In brief
- Crypto funds pulled in $1 billion last week, reversing five weeks of outflows tallying $4 billion.
- Bitcoin products led inflows with $881 million, though short Bitcoin products signal divided sentiment.
- Investors now await Friday’s BLS jobs report, with Deutsche Bank forecasting 4.3% unemployment.
Bitcoin and other crypto exchange-traded products pulled in $1 billion worth of funds last week, offsetting substantial losses in the weeks before.
Before last week, crypto funds had shed $4 billion over the past five weeks, according to a new report from digital asset manager CoinShares. There have been signs that institutional investors haven’t lost interest in adding crypto exposure.
“From a macro standpoint, it is difficult to attribute the shift in sentiment to a single catalyst. However, prior price weakness, a break below key technical levels, and renewed accumulation by large Bitcoin holders appear to have contributed to the reversal,” wrote James Butterfill, the firm’s head of research. “At a more anecdotal level, recent client discussions have been almost entirely focused on identifying entry points rather than reducing exposure to the asset class.”
Bitcoin was trading for $69,655 at the time of writing after climbing nearly 4% over the last day, according to crypto price aggregator CoinGecko. The largest crypto asset has now gained more than 5% in the last week, following a sudden surge Monday morning. BTC is still down about 45% since setting an all-time high of $126,080 on Oct. 6, 2025.
BTC funds were the primary beneficiary of last week’s inflows, with deposits totaling $881 million. Butterfill added that $3.7 million worth of funds added to short Bitcoin investment products shows “opinion remains polarized.”

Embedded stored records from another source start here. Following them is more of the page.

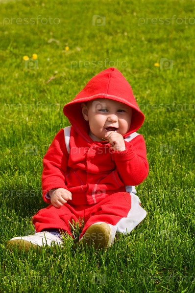 Ребенок в красной одежде сидит посреди зеленой травы и улыбается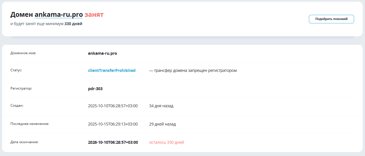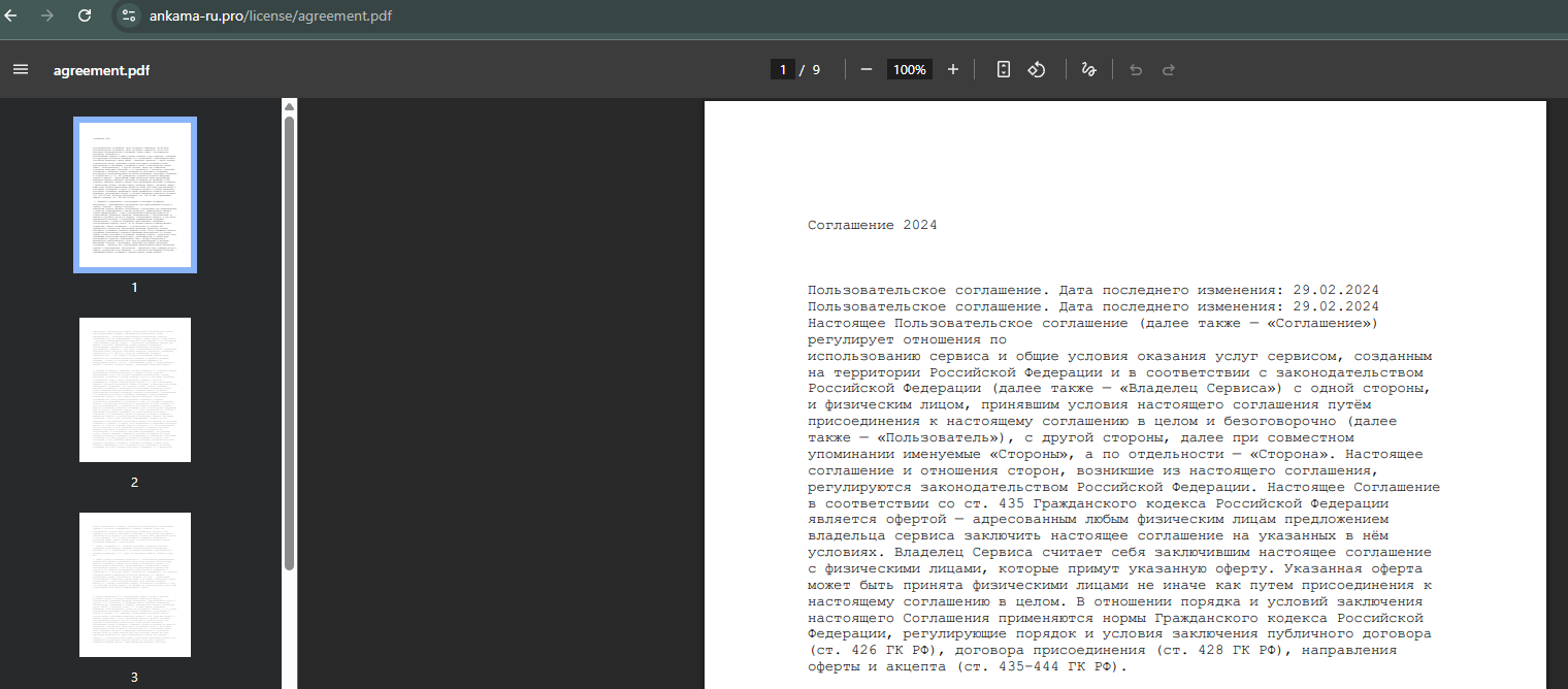 В единственном документе, представленном на сайте, мы нашли дату от 2024 года – это странно, поскольку домен был получен в октябре 2025 года. Он используется на протяжении 34 дней, о других адресах компании ничего не сообщается, в разделах они не фигурируют, поэтому мы сделали вывод о том, что организация недавно вышла на рынок.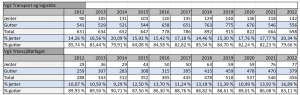Tabell 3: I denne tabellen har du antall søkere til transport og logistikk + yrkessjåførfaget med både total, kjønn og prosentmessig fordeling.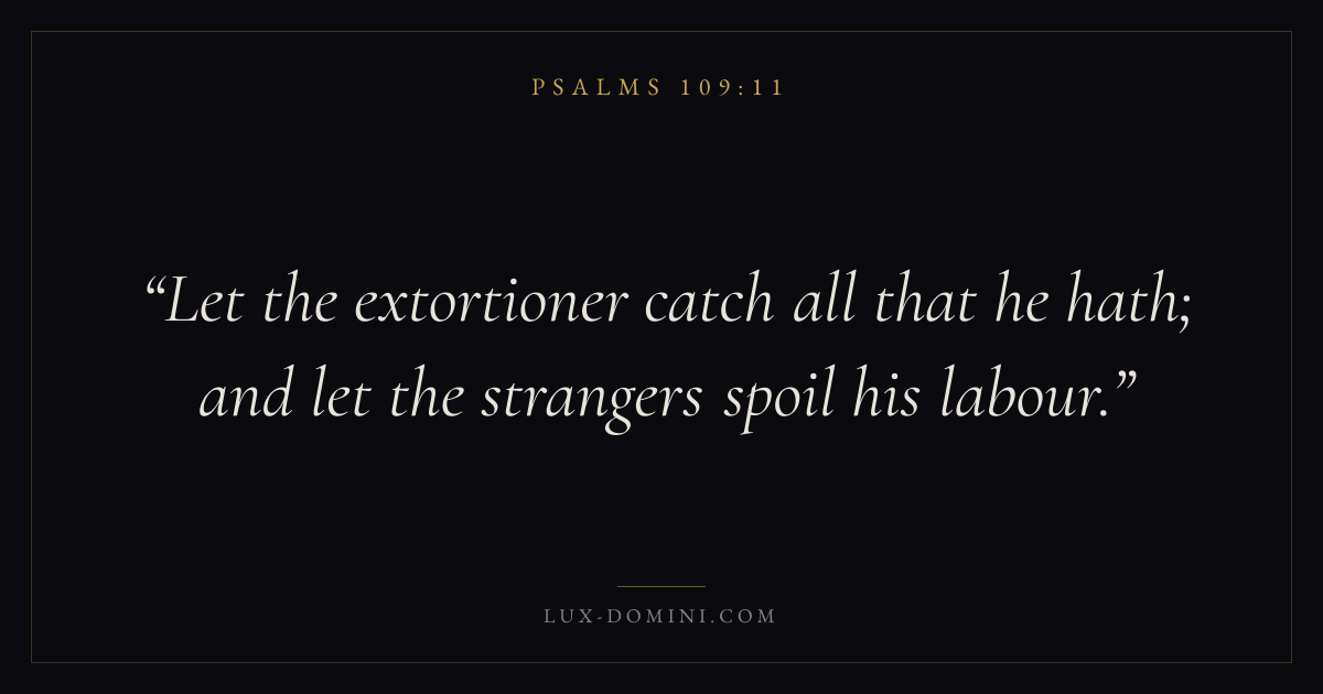 Books / Psalms / Chapter 109 / Verse 11 ← Psalms 109:10 Psalms 109:11 Psalms 109:12 → Let the extortioner catch all that he hath; and let the strangers spoil his labour. Download verse card Share on Twitter Share on Facebook Pin it ✦ Key themes FaithPrayerJustice and mercySalvationPraise Read with Hebrews 11:1Romans 10:17Matthew 6:9Luke 18:1 Related topics Bible verses about faithBible verses about prayerBible verses about justice and mercyBible verses about salvationBible verses about thankfulness and gratitude ✦ Psalms Chapter 109 verses V. 1 V. 2 V. 3 V. 4 V. 5 V. 6 V. 7 V. 8 V. 9 V. 10 V. 11 V. 12 V. 13 V. 14 V. 15 V. 16 V. 17 V. 18 V. 19 V. 20 V. 21 V. 22 V. 23 V. 24 V. 25 V. 26 V. 27 V. 28 V. 29 V. 30 V. 31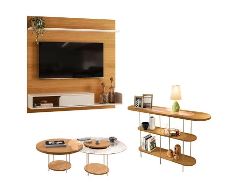 Painel para TV Suspenso Evo com Kit Mesa de Centro Sky e Aparador Infinity Cinamomo Off White – HB Móveis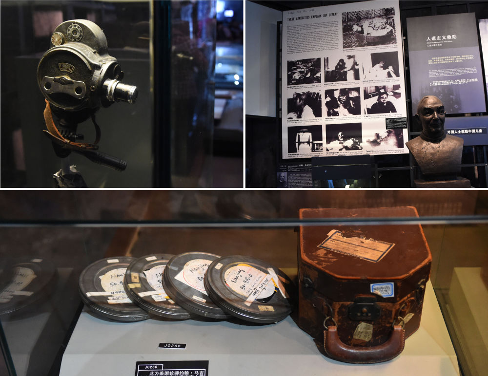 左上图:南京安全区国际委员会委员、美国牧师约翰·马吉拍摄南京大屠杀暴行所用的电影摄影机;下图:约翰·马吉的胶片盒等文物;右上图:约翰·马吉塑像及1938年5月美国《生活》杂志刊登的10幅由约翰·马吉胶片翻拍的南京大屠杀照片。(拼版照片) 新华社记者 孙参 摄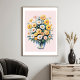 White yellow watercolor daisy bouquet poster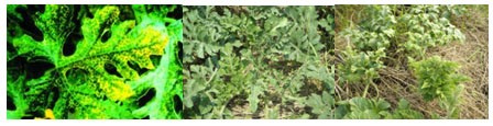 西瓜病毒病;西瓜病毒病,俗稱小葉病、花葉病,全國(guó)各地區(qū)均有發(fā)生,北方瓜區(qū)以花葉型病毒病為主,南方瓜區(qū)蕨葉型病毒病發(fā)生較普遍,尤以秋西瓜受害重。危害程度的輕重與種子帶菌率和蚜蟲發(fā)生數(shù)量密切相關(guān)。西瓜受害后,葉片變小,生長(zhǎng)緩慢,植株矮化,花器發(fā)育不良,嚴(yán)重的不能座果,或座果后發(fā)育不良,畸形,果小,產(chǎn)量低,品質(zhì)差,瓜瓤木質(zhì)化失去商品價(jià)值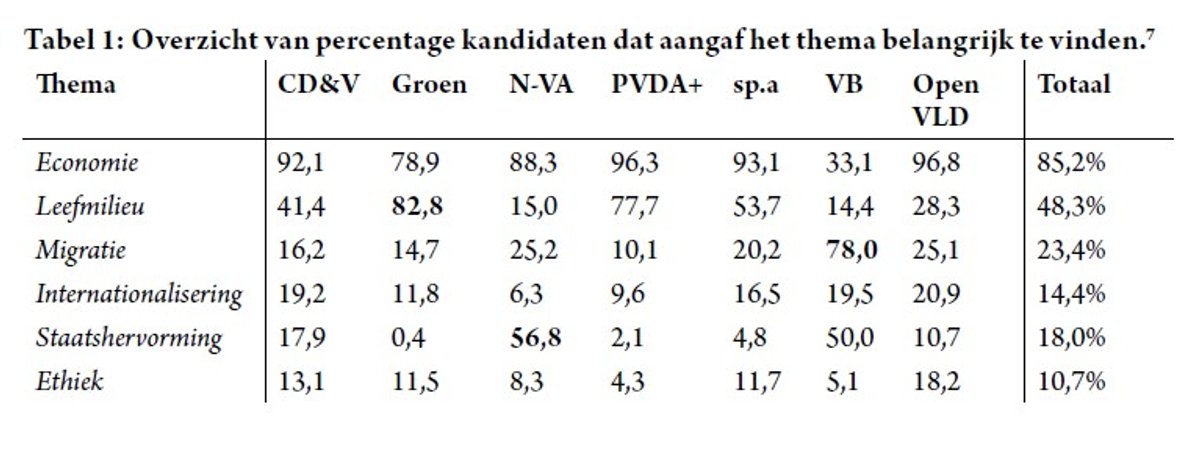 Maar zoals eerder gezegd, is er meer nodig opdat inhoudelijk onderscheiden ideologische dimensies echte breuklijnen worden. Partijen moeten er ook belang aan hechten. Ze moeten ervoor willen gaan. In Tabel 1 geven we een overzicht van het aandeel van de kandidaten in de verschillende partijen die belang hechten aan een ideologische (sub)dimensie. De traditionele economische scheidslijn staat nog steeds centraal. Een ruime meerderheid van de kandidaten van zowat alle partijen geeft aan dat dit een van de belangrijkste thema’s is (Tabel 1). Op ruime afstand volgt de sociaal-culturele scheidslijn, waarvan vooral het leefmilieu voor de linkse partijen van belang lijkt te zijn. VB-kandidaten scoren ook op deze breuklijn door het hoge belang dat ze hechten aan het thema migratie en asiel.

Ethereum funds added nearly $117 million last week, with Solana ETFs adding about $54 million and XRP products amassing just shy of $2 million in investments.
For this week, investors are waiting to see how unemployment is faring when the Bureau of Labor Statistics publishes its February numbers on Friday, March 6.
Economists at Deutsche Bank are anticipating an unemployment rate of 4.3%, the bank said in a report shared with Decrypt, “though risks around this estimate are elevated in both directions.”
The bank’s analysts also pointed out that the BLS is due to publish revisions of its January data “using the new controls, and attention will be focused on whether these adjustments meaningfully alter unemployment rates across demographic groups, particularly among younger cohorts, where concerns around entry level hiring remain heightened.”